Monday, October 29, 2007

What's In a Name...

Nguyen is a common Vietnamese last name, like Kim or Park in Korea, like Garcia in Spain or Mexico, like Smith or Jones. I first heard the name sometime in 1974 or 1975, when I was a boy in Northern California. Because my parents had adopted three children from outside the United States, we belonged to a social network of similar families, and within this network, I met some of the first Vietnamese refugee children who came to America. At the same time, entire families who had escaped Southeast Asia—the first of the boat people—were finding sponsorship through churches and other charitable agencies. Each September for the next several years, as more and more of these kids showed up in schools, teacher after teacher struggled with the name Nguyen. Did you pronounce every letter? Was anything silent? What about the unfamiliar “ng”? Sometimes you could just tell which name was next just by where the teacher was in the roll—“…McDonald, Myers, Nardin, Needham…”—and the way he stared at the sheet of paper. Finally the kid, having been through this before, spoke up from his or her desk and politely offered the proper pronunciation: “win.” (More or less.) The teacher scribbled something—a phonetic, maybe—and moved on.
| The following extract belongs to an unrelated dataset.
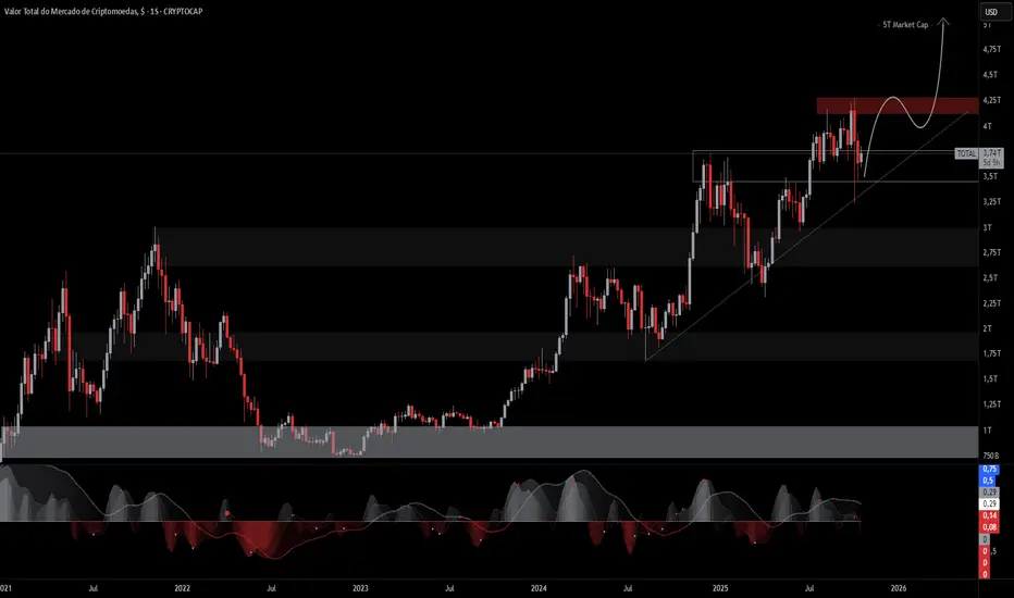 Devemos ter uma alta segmentada até os US$ 5T de Market Cap total, com certeza com #BTC e #ETH subindo meio a isso, podendo até buscar novas ATH's, mas impulsionando principalmente Altcoins, que devem retornar a bons valores pra quem tem um preço médio de compra / DCA, nessas zonas mais baixas.

As the days passed, the teacher would get more and more comfortable with the pronunciation and soon he wasn’t taking roll at all; he knew everyone who was supposed to be in his class by sight and first name. As the years passed, I one day realized that it had been a long time since I’d heard a teacher struggle with the name Nguyen. Maybe that’s when the conflict in Vietnam really ended.
My brother’s real last name is Nguyen. His first name was Tuan, which is pronounced “toon.” (Again, more or less.) Tuan came to America with his real father, whose name was Quang. Quang died about a year after their arrival and a family belonging to the church that had sponsored them offered to foster my brother. That family, one we knew through that adoption network, gave him the name Bill. I’ve never thought the name suited him, but then I don’t know what name would. Bill chose Alexander as his baptismal name; he was studying ballet by then, and he liked its classical sound.
In revising my autobiographical book, I figured it was best to change names, and tried to find names that I thought suited the various persons. When I came to my brother, I tried out a couple things, but none of them suited his character. Then I hit upon Ian: although it’s Gaelic for “John,” it sounds sort of of Asian—or, as-Ian. And I liked the fact that it both sounded and looked like Tuan and Nguyen. I especially liked that it sounds like Bill’s real last name. One morning this past summer I was explaining all this to Bill and Susie. They were still trying to decide on a name for The Boy, as we were all calling him then. When I said “Ian” they looked at each other and said, “Ian. I like that. We should call him Ian.” Susie was especially pleased that the name could be linked with her own late father, who was John.
I’m watching Ian as I write this. He’s finally fallen asleep: he was fussing for a bit, but I walked him around the house and showed him the view through the windows where his late grandfather lived. He likes looking at the trees. I like showing him the trees. Maybe that’s the Indian in me. Or rather, the “Ind-Ian.”